Une anecdote drôle dans la continuité se déroula aux Philippines. Au bar avec un des moniteurs, un ancien Navy-Seal à la retraite, nous éclusions pinte de bière, sur pinte de bière, entrecoupée de tequila-rapidos. On avait déjà plongé plusieurs fois ensemble. Il appréciait que je ne sèche pas ma bouteille en vingt minutes. Il avait jeté un œil discret sur mes tables de décompression, mon profondimètre et ma montre, bien qu’utilisant aussi un ordinateur de plongée. Ce soir-là, je lui confiais déplorer de ne pas explorer l’épave du New-York, un croiseur lourd américain coulé pendant la Deuxième Guerre mondiale. En effet, il gisait par plus de quarante mètres de fond. Il me répondit qu’avec les nouvelles règles de sécurité, sauf au mélange, on ne descendait pas à plus de trente mètres et que l’intérieur des épaves était trop dangereux. Je me permis de ricaner en vidant cul sec mon verre de tequila.
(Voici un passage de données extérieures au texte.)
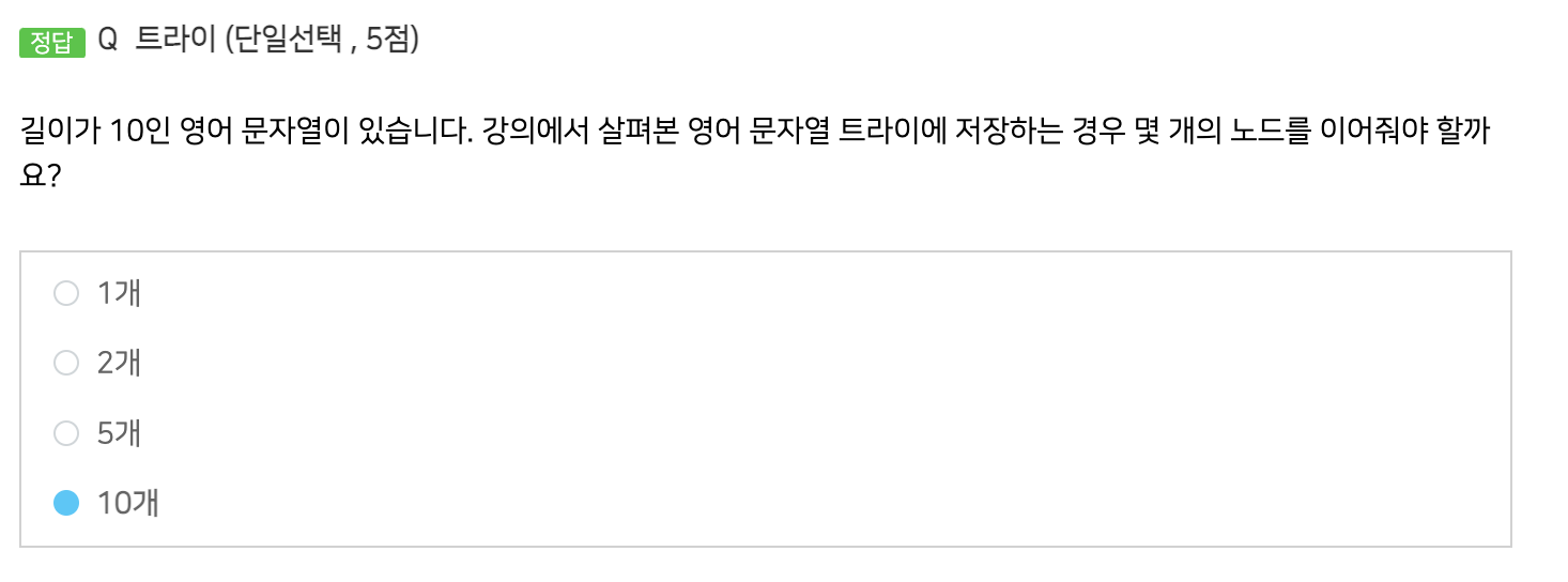 - 트라이는 영어 이름의 길이를 n이라고 했을 때, 검색 시간은 O(n)이 되지만 , 대부분의 이름은 그리 크지 않은 상수값(예, 20자 이내)이기 때문에 O(1)이나 마찬가지이다.
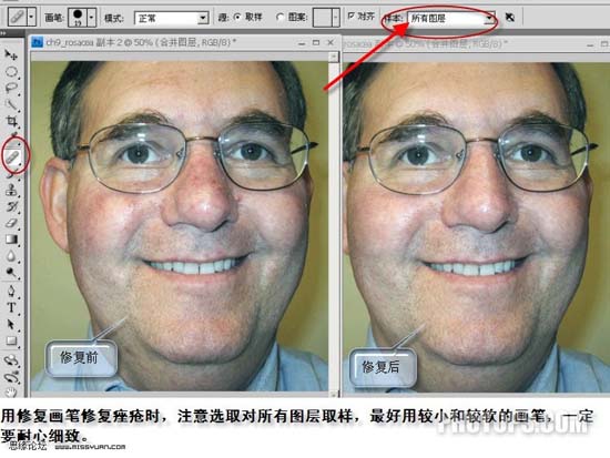 8、用修復畫筆修復時,注意選取對所有圖層取樣,最好用較小和較軟的畫筆,一定要耐心細致。
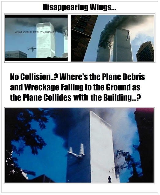 The prominent video fakery message circulated by the so-called researchers did a good job, as I didn't check their theories/hypothesis, as I took it for granted for 6 years that they had been given me all the correct answers to the anomalies which I observed such as, no crash physics and disappearing wings in the videos, thus believing the plane was a CGI plane, which had been inserted or composited into the videos, which led me to believe all the plane videos and photographs were fake.
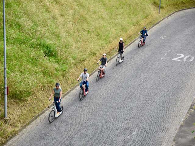 Das Elektrotrotti «Hugo Bike» ist Fahrrad und Motorrad zugleich. Es verfügt über einen 500-Watt-Motor und erreicht eine Maximalgeschwindigkeit von 25 km/h. Pro Tag können Sie mit dem E-Trotti maximal 40 km zurücklegen. Es besteht keine Helmpflicht, das Tragen eines Velohelms wird jedoch empfohlen. Bringen Sie Ihren eigenen Helm mit oder mieten Sie einen Helm zusammen mit dem Elektrotrotti.
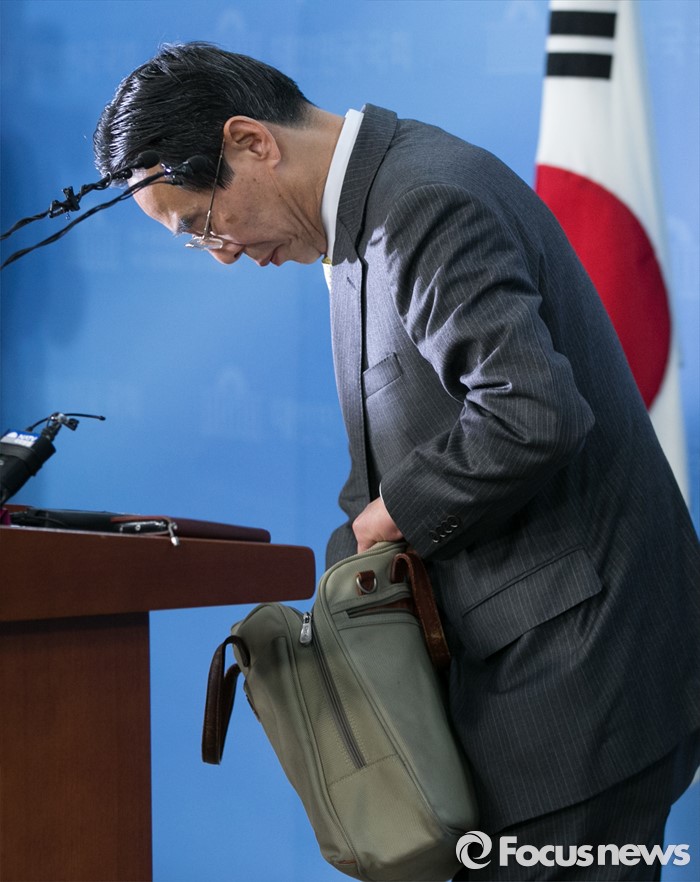 (서울=포커스뉴스) 홍창선 더불어민주당 공천관리위원장이 9일 오전 서울 여의도 국회 정론관에서 20대 총선 1차 경선지역과 관련 브리핑 중 가방에서 자료를 꺼내고 있다. 홍 위원장은 이날 브리핑 중 취재관행을 바꾸기 위한 언론인과 대화를 하던 중 일부 항의를 받았다.
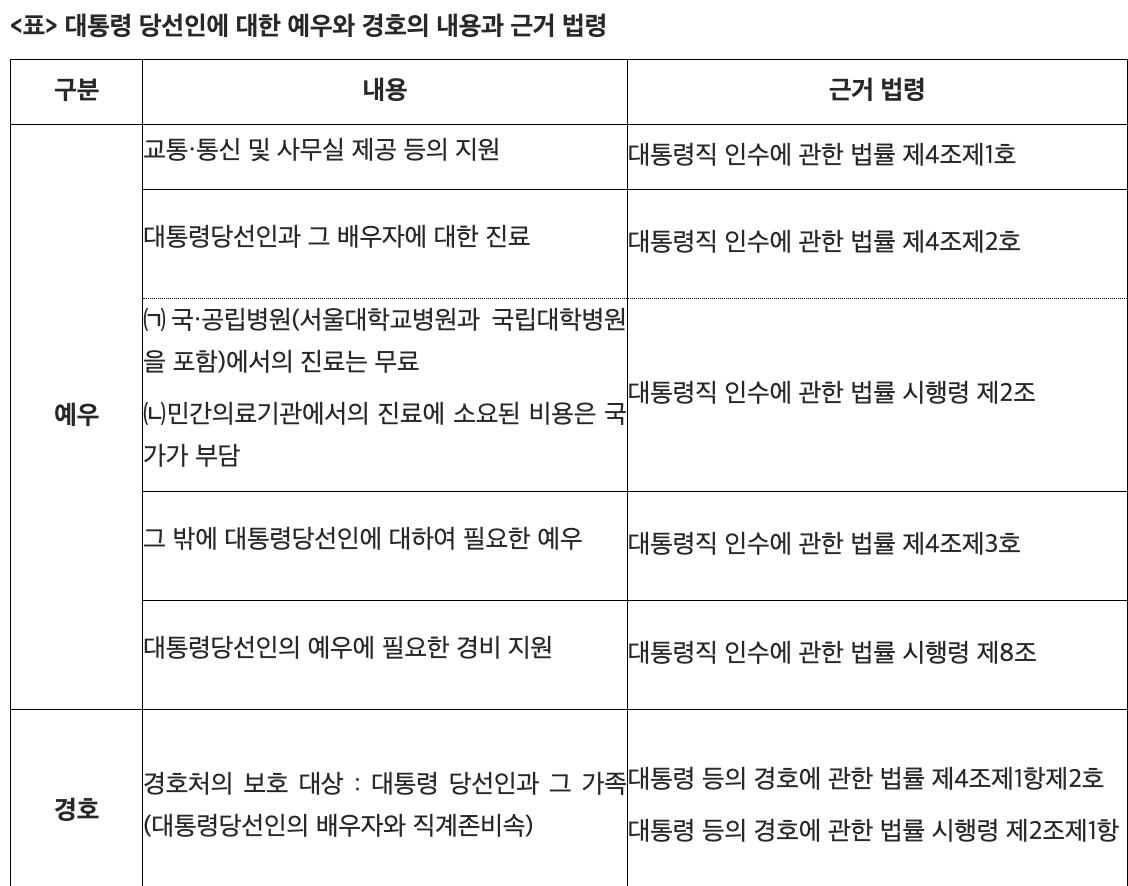이러한 당선인에 대한 예우는 법률로도 갖춰져있다.
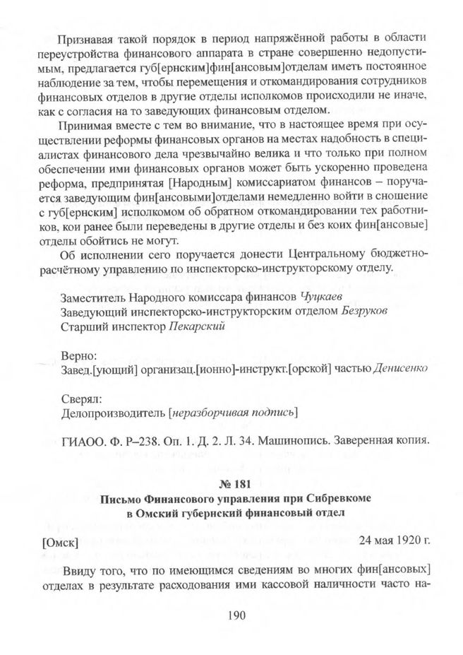 Письмо Финансового управления при Сибревкоме в Омский губернский финансовый отдел. [Омск]. 24 мая 1920 г. // ГИАОО. Ф. P-238. Oп. 1. Д. 7. Л. 242-242 об. Машинопись. Подлинник.
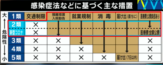 新冠肺炎蔓延初期,由于这种传染病的未知性和极高的传播速度,日本政府迅速将其归入「指定感染症法」,定为同结核病、非典同等级的2类传染病。仅此于最高级别传染病——埃博拉出血热和黑死病(鼠疫)。
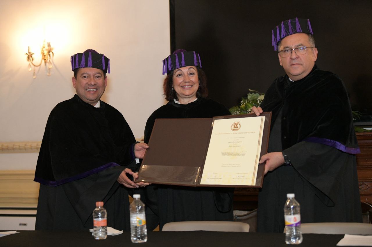 La Universidad Autónoma de Chihuahua (UACH) entregó el Doctorado Honoris Causa a la académica e investigadora Pastora Moreno Espinosa, en reconocimiento a su sobresaliente trayectoria científica, docente y académica.
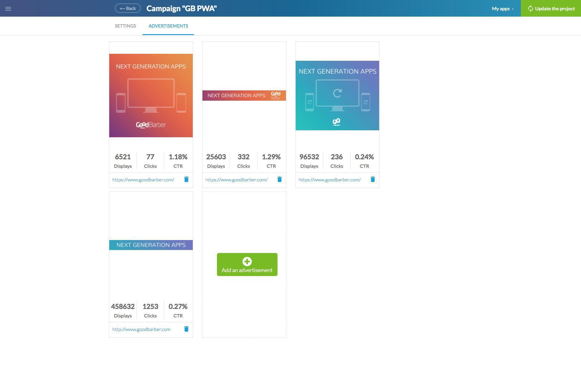 La visualización de publicidades en una página web representa una fuente de ingresos interesante cuando tienes una audiencia específica o importante. Si estás considerando monetizar el tráfico de tu Progressive Web App con campañas publicitarias, tienes varias opciones. La PWA dispone de varios espacios para mostrar tu publicidad, varios formatos y la posibilidad de conectarse a varias redes publicitarias, incluso la red de publicidad interna de GoodBarber.
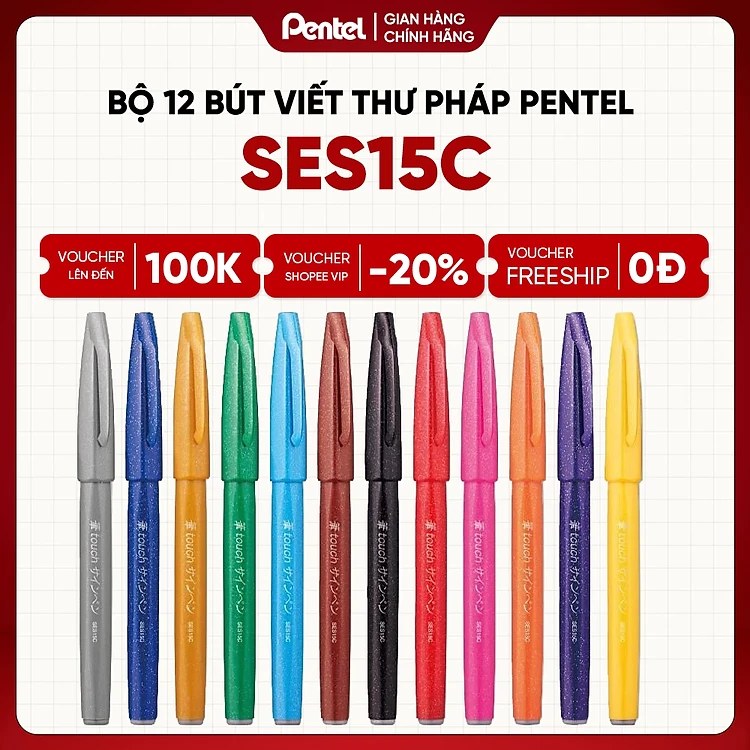 Bút viết thư pháp Pentel SES15C 12 màu cơ bản

Les bières aidant, je lui racontais dans le détail mon histoire de monitorat et mon passé de plongeur.
« Avec qui tu l’as passé ?
Des nageurs de combat israéliens.
Comment s’appelaient-ils ?
Le premier Shmoulik et l’autre Uri.
Tu as plongé avec Shmoulik et c’était lui ton moniteur ?
Oui, pourquoi ?
Je le connais, on s’est rencontré lors d’échanges entre les marines américaine et israélienne.
Sans déconner ?
Demain, on plonge tous les deux sur le
New-York
et on se fait l’intérieur de l’épave ».
La plongée fut une des vingt qui reste encore gravée dans ma mémoire : fabuleuse, féerique et les mots sont faibles.